Introducing Rakewell, Apollo’s wandering eye on the art world. Look out for regular posts taking a rakish perspective on art and museum stories.
Rakewell is acutely aware of the pleasure of admiring other people’s interiors. We have fainted at the beauty of Yves Saint Laurent’s apartment on rue de Babylone, melted at the sight of Pauline de Rothschild’s Albany set and deliquesced when confronted by Michael S. Smith’s dining room lined with Chinese wallpaper.
Imagine our delight at the announcement that Gwyneth Paltrow’s ‘tranquil Montecito home’ would grace the pages of Architectural Digest. It does not disappoint, though tranquil might not be the word we would use to describe it. Where, amid the sculptural Alexander Díaz Andersson ‘lounge chairs’ and swinging hammocks, is there to sit? These seats are as nothing when compared to the Jan Ekselius ‘lounge chairs’ in Ms Paltrow’s living room. But surely she must long for a comfy chair to sit upon?

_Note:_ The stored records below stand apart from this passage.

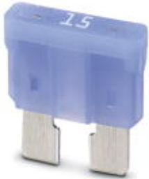
Fuse, nominal current: 15 A, length: 19 mm, width: 5 mm, height: 13 mm

Please be informed that the data shown in this PDF Document is generated from our Online Catalog. Please find the complete data in the user's documentation. Our General Terms of Use for Downloads are valid ( http://phoenixcontact.com/download )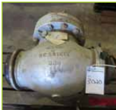
CRANE-ALOYCO INC 175-1/2X VALVE , DC 8"600 175-1/2X CS.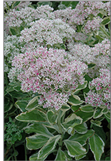
Frosty Morn Stonecrop flowers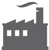
Industrial Fluid Handling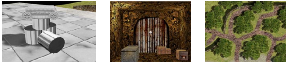
Figure 4. left: 3 rd step, temple ruins, center: 5 th step, catacombs, right: 7 th step, forest map.

image the blind user can feel the 3D grooved map and follow the route to the forest. The 2D image and the 3D map are registered and this allows us to visualize the route that the blind user actually follows on the 2D image. Finally, after finding the forest a new grooved line map is displayed (Figure 4, right) where the blind user has to search for the final location of the treasure.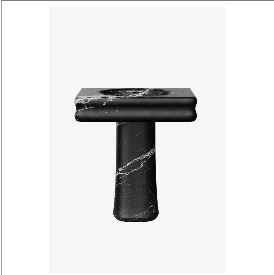
SHOWN IN CENTURIA WALL MOUNTED MARBLE LAVATORY SINK 30" X 19 1/2" X 6" AND TAPERED PEDESTAL 12" X 8 3/4" X 27" | CNCP20

Centuria Wall Mounted Marble Lavatory Sink 30" x 19 1/2" x 6" and Tapered Pedestal 12" x 8 3/4" x 27"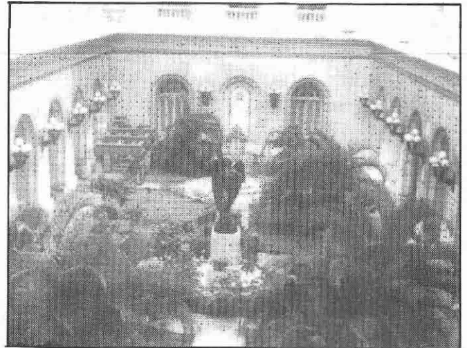
Lucifer in Cuba's Capital Building

Suddenly we turned a corner and gazed through a window into a lush tropical garden in the center of the Capitol. We could not believe what our eyes were seeing or what our ears were hearing as our guide began to tell us about the history of the statue of . . . Lucifer!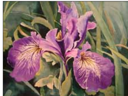
Above: "Iris," at right: "Cats"

I completed the Masters Class for teaching Point Zero (a meditation practice with paint) in 2006. Point Zero has taught me to create without limits. When I compromise I experience creative blocks. By letting go of conditioning I allow energy to flow through me in a less encumbered way with natural ease. I also teach Plein Air Sketching and Painting at Blake Gardens in Kensington through ASUC.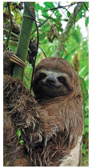
Sloth, Amazon Basin

Knowledgeable Lecturers deepen your appreciation for the region and its history, culture and current events.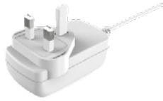
PMA18K-240-R Dimension L82xW43.2xH30mm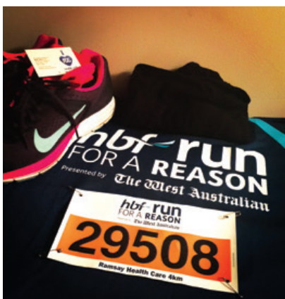
HBF Run for a Reason

At the RFDS, we like to call peer to peer fundraisers 'heroes' and 'sponsors'. A hero is a supporter who participates in a fundraising activity or event, like a fun run. Their sponsors are supporters who donate to the hero's cause. RFDS is proud to be a beneficiary in many peer to peer fundraising events such as the following: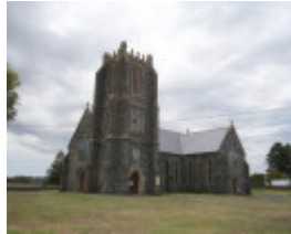
ST JOHNS ANGLICAN CHURCH SOHE 2008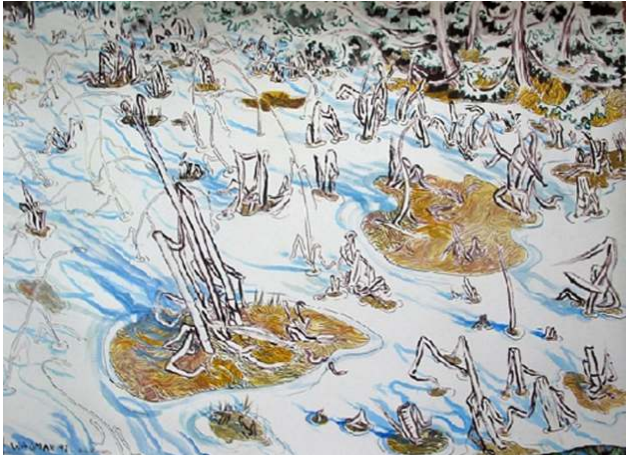
Bullrushes, Flesherton, 1992 watercolour on paper, 41 x 56.5 inches, studio work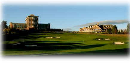
The Golf club at Lansdowne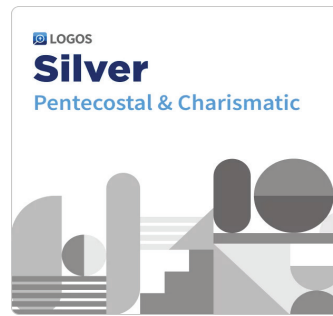
Pentecostal & Charismatic Silver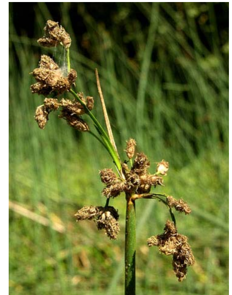
Scirpus acutus var. occidentalis Hardstem Bulrush Native Perennial Cyperaceae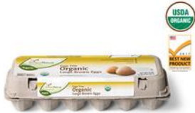
Simply Nature Organic Cage Free Brown Eggs $1.99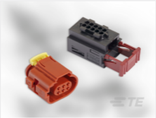
TE Part #CAT-T4827-CH8172 Timer Connector Housing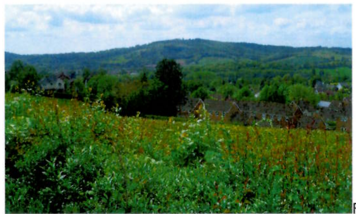
From Agincourt Road

In conclusion as to the question of Amenity Value, this is a standard term used in evaluating trees in the landscape. The noun amenity in this sense equates with pleasantness or attractiveness and whether the loss of a tree detracts from this. I have attached some photographs which show the tree to be visually prominent from a number of viewpoints.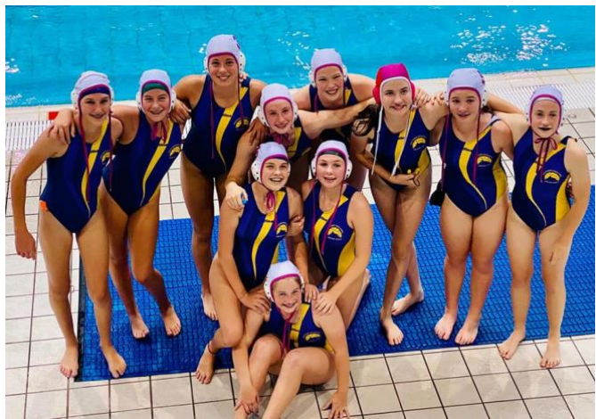
SHWP NSW GIRLS STATE CHAMPIONSHIPS TEAM 2020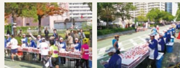
Volunteers at water station

KHI's corporate sponsorship for the inaugural Kobe Marathon 2011, held on November 20, 2011, in Kobe, was reflected on the men's number bibs. The Company was also represented by 86 volunteers who manned the water station and cheered the runners on from the sidelines.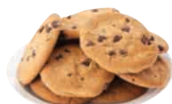
Fresh Baked Cookies 10-12 ct. pkg., Selected Varieties 4.99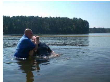
I become completely immersed in Bible Knowledge

14: What king of Israel experienced a long famine and drought during his reign?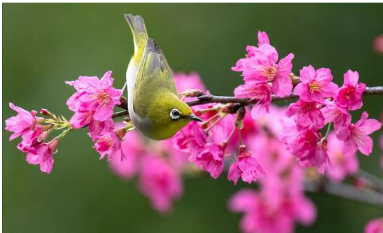
05 - Japanese White-eye in Plum flowers.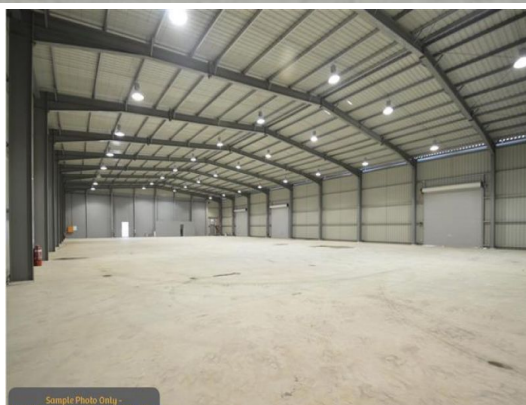
Sample Photo Only - Facility to be built under construction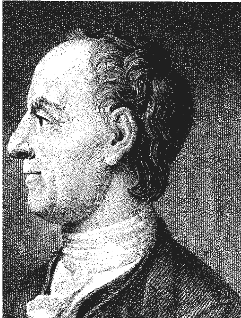
LEONHARD EULER (1707-1783)

Acknowledgements. This paper is written honor of the 300-th birthday of Leonhard Euler , one of the greatest mathematicians and mechanicians of all time.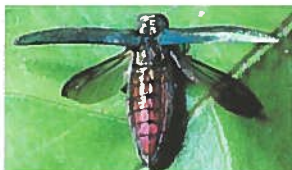
Purplish Red Abdomen on Adult Beetle.

I’m irrationally angry that Gwyneth has a Ruth Asawa pic.twitter.com/hRyHonHV7h
— Alexandra Lange (@LangeAlexandra) February 2, 2022
A photograph of Ms Paltrow, resplendent in a Chanel dress, provides the answer. She can conquer any piece of furniture and comfort is clearly overrated. What really caught Rakewell’s attention, however, was the response to this photo. Design critic Alexandra Lange tweeted ‘I’m irrationally angry that Gwyneth has a Ruth Asawa’. Art writer Melanie Gerlis retweeted, adding, ‘Agree. And what looks like Ed Ruscha. Annoyingly good taste.’ We are no stranger to coveting beautiful things and fully endorse these messages – though secretly we wonder if the Ed Ruscha might have slipped into that other category of ‘Ghastly Good Taste’.
Then something surprising broke out. According to some tweets, the caption to this photograph on the Architectural Digest website changed. It transpired the wire ‘sculpture’ is not an Asawa at all, but a work by D’lisa Creager. Can it be that we have finally reached the point where an artist’s work is not about the work but about the ‘look’? Where carefully crafted aesthetic is just something to be commodified? Andy Warhol of course confronted this throughout his soup can-lined career, but for someone who works in delicate wire sculptures it seems particularly rough. Rakewell is always delighted by the work of set designers who ape an artist’s style for a film, but to see a Hollywood star continue this approach in her own home seems a surprisingly untranquilising proposition.